Writers are indeed a lucky bunch.  We do what we love, and we get paid for it. 

Although the topics of my most recent blogposts have focused on the down-side of the business, I’m well aware that I’m fortunate to be living my dreams.  Still, this is a writer’s blog, and where else are you going to see those problems addressed?  If I were only to give you the sweetness-and-light aspects of being a writer, this blog would become boring in a hurry.  All I’m trying to get across is that all writers suffer from the same anxieties.  That no writer is immune to the demons of self-doubt, no matter where they are in their careers. 

Yes, I have the greatest job in the world.  But it wasn’t always this way.  And here’s where I take issue with people who say that writers have no right to whine because they don’t have the same concerns of other working stiffs. 

When you’re just starting out as a writer, you’re working completely on spec.  You’re pouring long hours and your genius into a manuscript that may never sell.  You’re working for nothing, plus you’re probably holding down a regular job at the same time.  Any other worker can at least expect to get paid for his labors, but for a new writer, nothing is assured.  He may have to write two, three, even ten unpublished manuscripts before he gets “the call.”
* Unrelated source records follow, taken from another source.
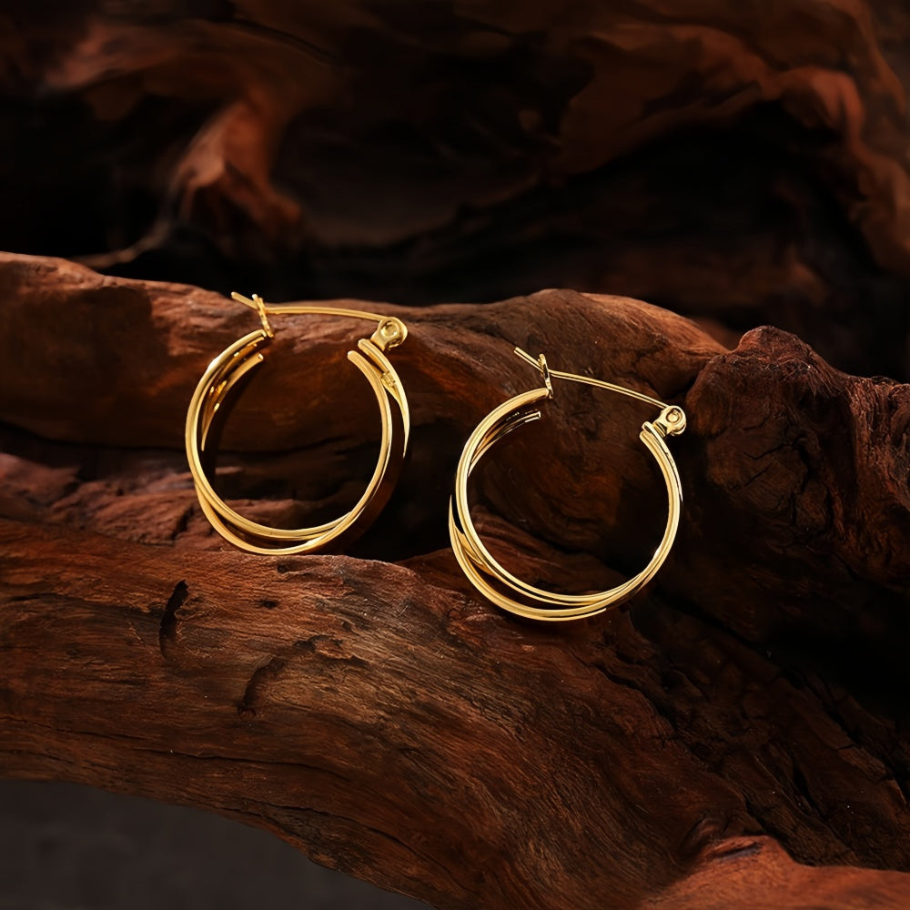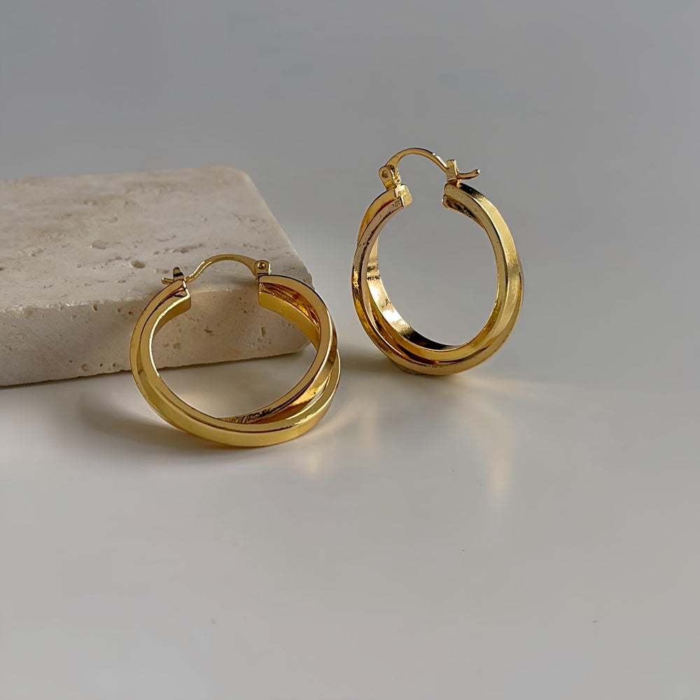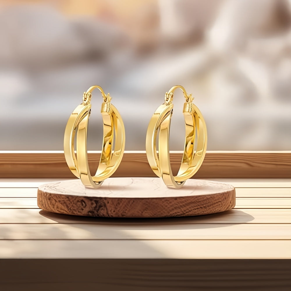 Cross & Circle Earrings 18K Gold Plated 925 Sterling Silver Hooks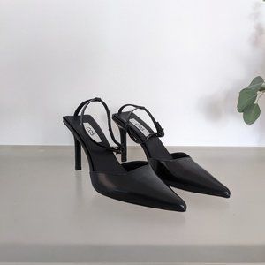 Originally $250, these stunning pumps are shiny contemporary and pointy! https://www.cos.com/en-au/women/accessories/shoes/product.pointed-heeled-pumps-black.1034019001 Size 38. Brand new never worn (I took them out of the packaging but they are too high for me)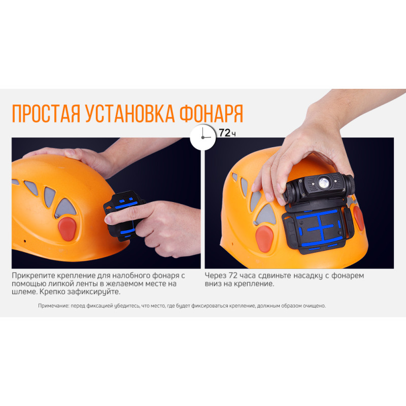 За рахунок потовщення видувної губки, яка розташована в підставі кріплення, воно добре прилягає до різних шоломів і шоломах. Кріплення забезпечує досить жорстку фіксацію і стає буквально єдиним цілим з шоломом. Ліхтар на ньому сидить щільно, але його складно отримати, щоб у разі необхідності використовувати окремо.

Then let’s suppose — oh joy! — he finally sells his manuscript.  What’s the pay-off?  If he signs an average first-time paperback original deal, he’ll probably get an advance of under $10,000.  (And many first-time deals are far less, more like $5,000)  He’ll probably get half of that advance when he signs the contract, and the other half when the book gets published.  Now, I don’t know how quickly other writers work, but it takes me about ten months of full-time writing and revising to produce a 400-page manuscript.  How many of you would work ten months for a starting salary of $10,000?  With no health benefits and no retirement plan, plus having to pay self-employment taxes?  (And remember — you also have to pay 15% of that ten grand to your literary agent.)  How many of you would devote years to doing spec work, with no assurance that you’ll ever get paid for it? 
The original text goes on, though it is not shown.